▶ [EXERCISE]:
Before printing, remove every picture; then print the lines below exactly, from the first line through the line containing "Exquisite Black &".

▶ [EXERCISE INPUT]:

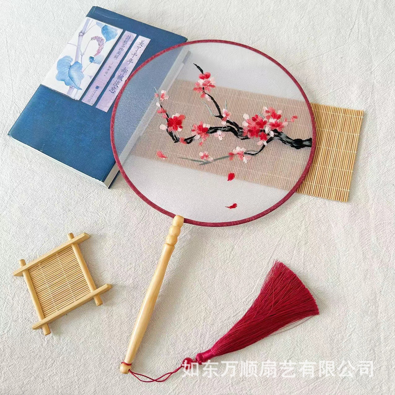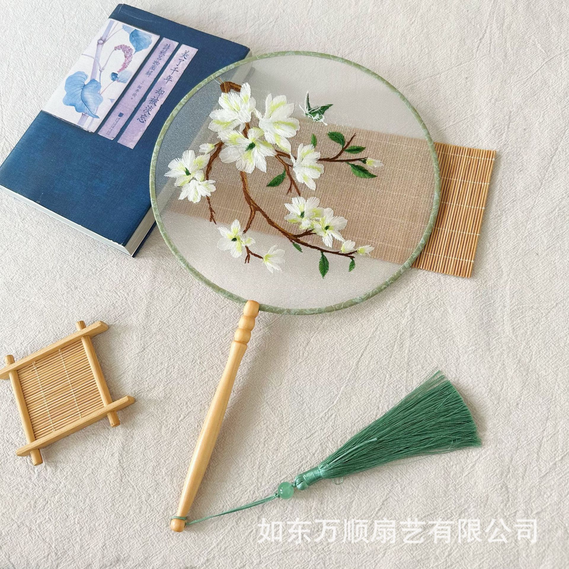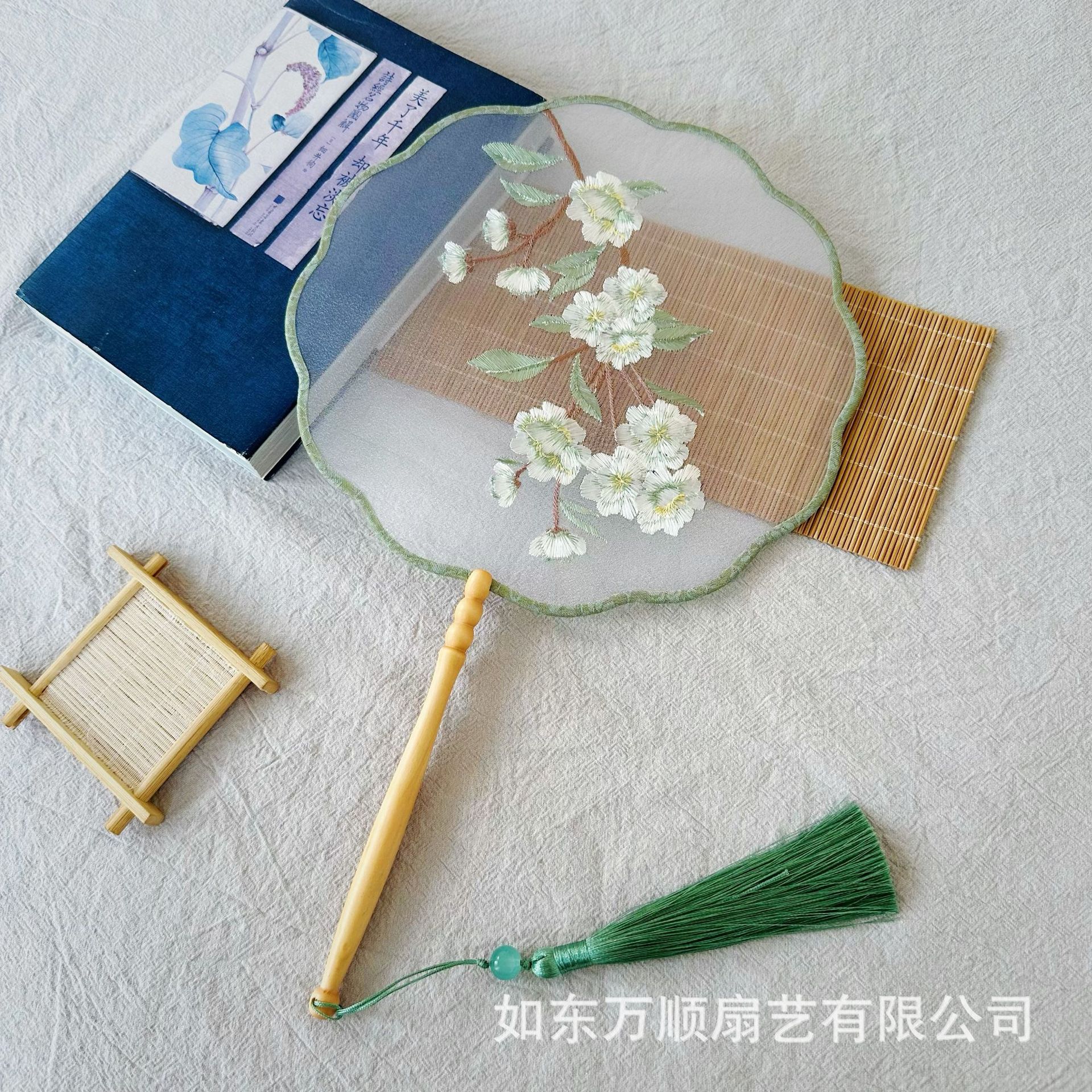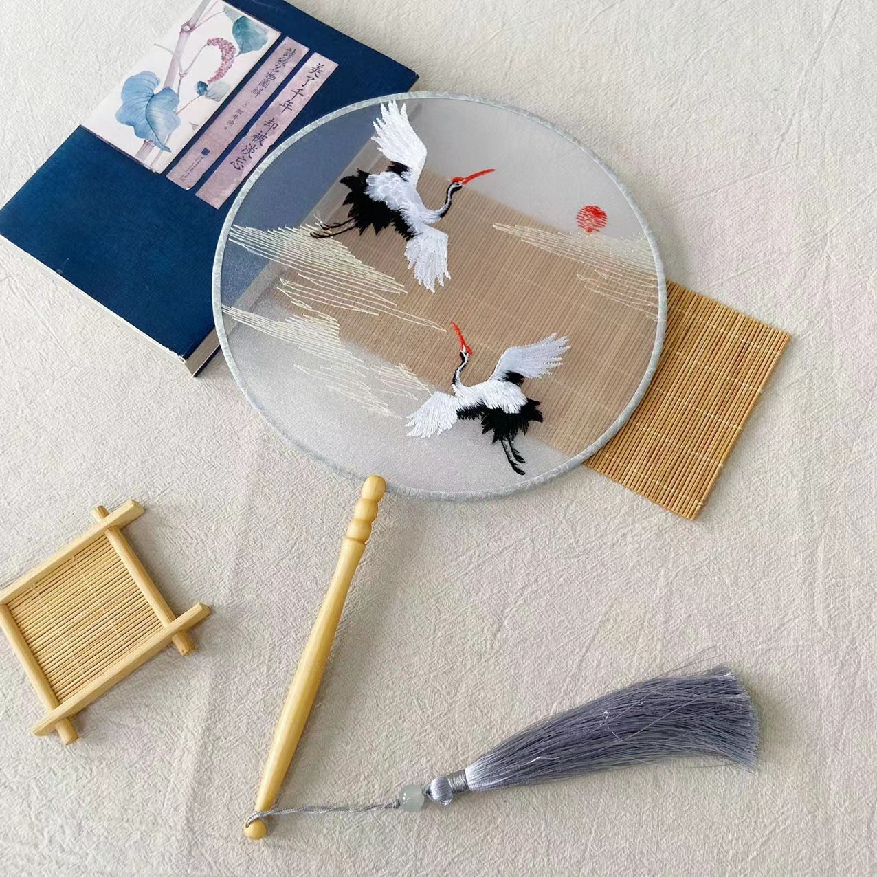 团扇刺绣古风圆扇中国风汉服古典长柄摄影扇旗袍夏季仙鹤舞蹈扇子
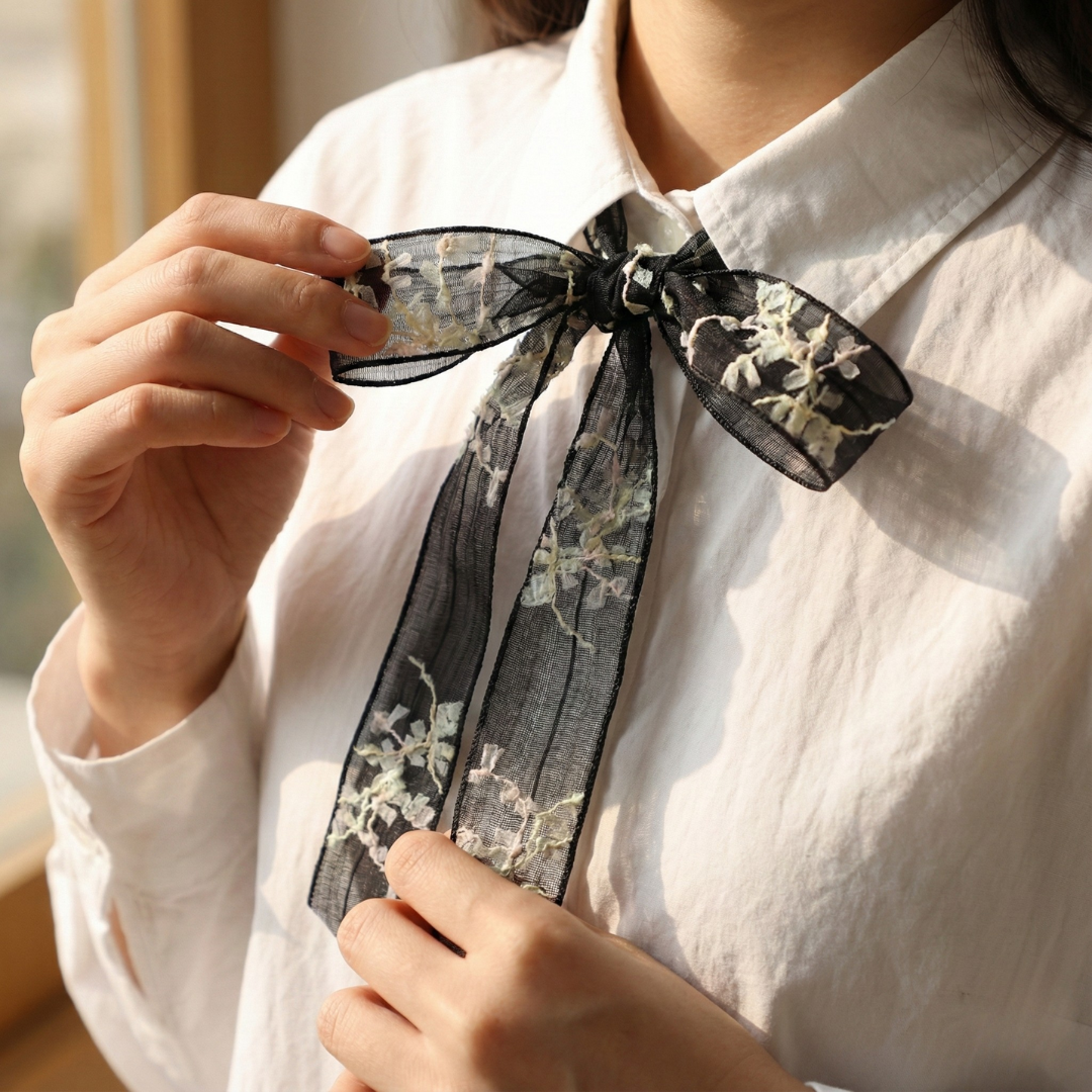 Exquisite Black & White Design: Signature H9Neko ribbon featuring intricate raised white floral embroidery on a translucent black background for a romantic, high-contrast look.
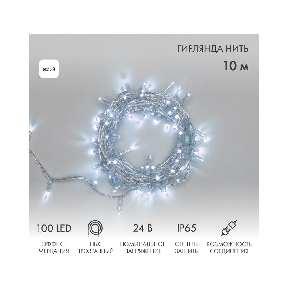 Гирлянда Нить представляет собой провод с последовательно расположенными коротенькими отводами, направленными в разные стороны. На концах этих отводов расположены яркие светодиоды.Благодаря своей универсальной конструкции гирлянда особенно подходит для украшения как уличных, так и домашних елей, а также для оформления витрин, окон, колонн, элементов интерьера и различных композиций. Наличие мерцающих светодиодов белого цвета привлекает внимание и значительно преображает украшенную поверхность (мерцает каждый 5-й светодиод).Для подключения необходим трансформатор код товара 23808315 (артикул поставщика 531-100) или код товара 23808327 (артикул поставщика 531-200).
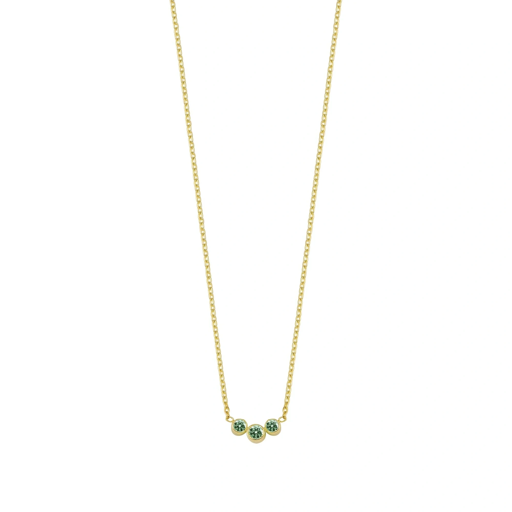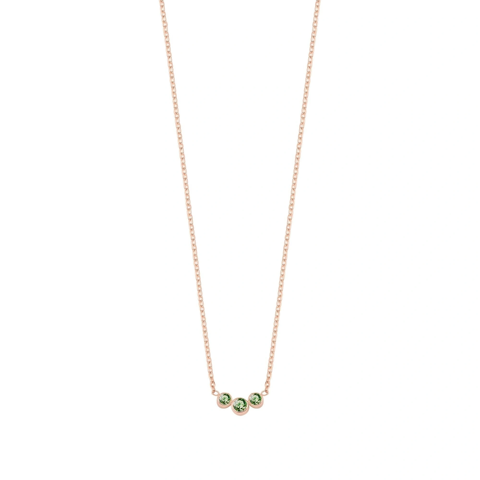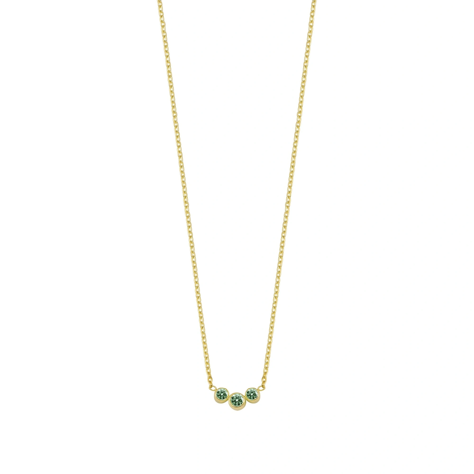 3 Taşlı Yeşil Rengarenk Altın Kolye
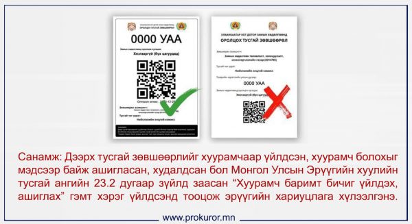 Иргэд QR кодыг хуурамчаар үйлдэн, ашиглаж байгаа үйлдлээ энгийн жижиг зүйл мэт ойлгож байгаа ч энэ нь эрүүгийн хариуцлага хүлээх хүртэл хэмжээнд үр дагаварт хүргэнэ гэдгийг ухамсарлах хэрэгтэй. Улсын онцгой комисс 2021 оны 2 дугаар сарын 11-ний өдрийн 06.00 цагаас 2 дугаар сарын 23-ны өдрийн 06.00 цаг хүртэл нийслэлд Гамшгаас хамгаалах бүх нийтийн бэлэн байдлын зэрэгт хэсэгчилсэн байдлаар шилжих шийдвэр гаргасан. Энэ үед иргэд замын хөдөлгөөнд оролцох зорилгоор аливаа тусгай зөвшөөрөл, албаны үнэмлэх зэрэг баримт бичгийг хуурамчаар үйлдэхгүй байхыг Хан-Уул дүүргийн прокурорын газраас сэрэмжлүүлж байна.
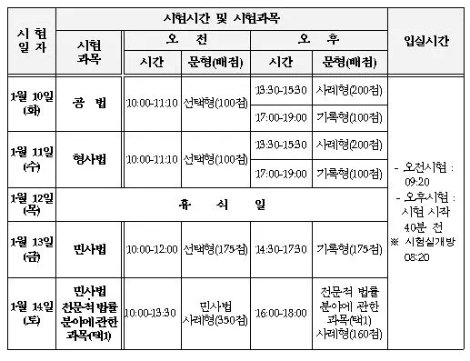 변호사시험 운영에 대해 좀 설명해보려고 한다. 변시는 매 해 1월 둘째 주 화요일부터 토요일까지 5일간 치러진다. 그중 하루는 휴식일이니 시험을 치는 것은 4일 정도이다. 처음 이 사실을 알면 놀라는 이들이 많다. 그도 그럴게, 많은 고시들이 있지만 이렇게 긴 시간 동안 시험을 치르는 경우는, 내가 알기론 별로 없다(행정고시 2차 시험 또한 5일 동안 치러진다는데, 시험을 치는 시간 자체는 변호사시험이 좀 더 길다).
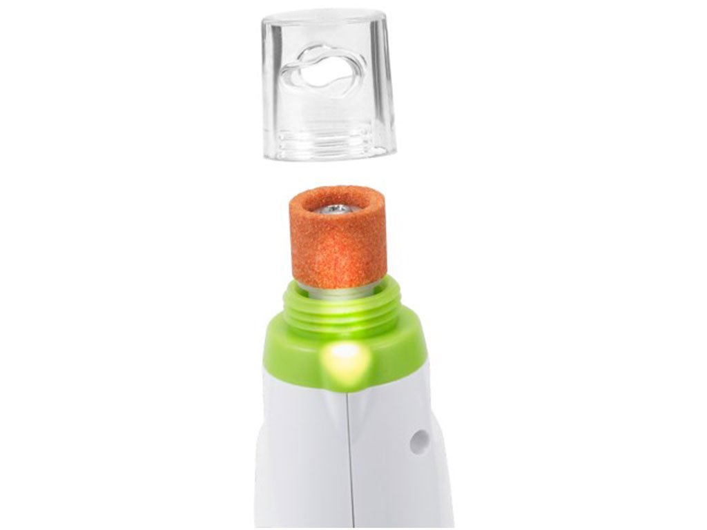 Bezdrôtová brúska na pazúriky, pre psy a mačky, jemné, rýchle, tiché a ľahké brúsenie, nastaviteľný ochranný kryt, dva rýchlostné stupne, integrované LED svetlo, až 70 minút na jedno nabitie, rýchlosť 12 000 ot./min, rozmery 18x4,7x3,5 cm.
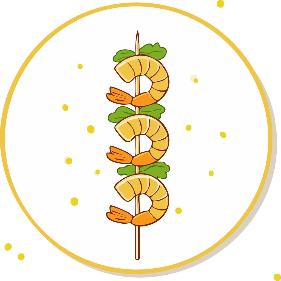Delicious shrimp skewers with lettuce in a minimalist style drawing and golden polka dot pattern Pro Vector

▶ [OUTPUT FOR THIS EXERCISE]:
 团扇刺绣古风圆扇中国风汉服古典长柄摄影扇旗袍夏季仙鹤舞蹈扇子
 Exquisite Black & White Design: Signature H9Neko ribbon featuring intricate raised white floral embroidery on a translucent black background for a romantic, high-contrast look.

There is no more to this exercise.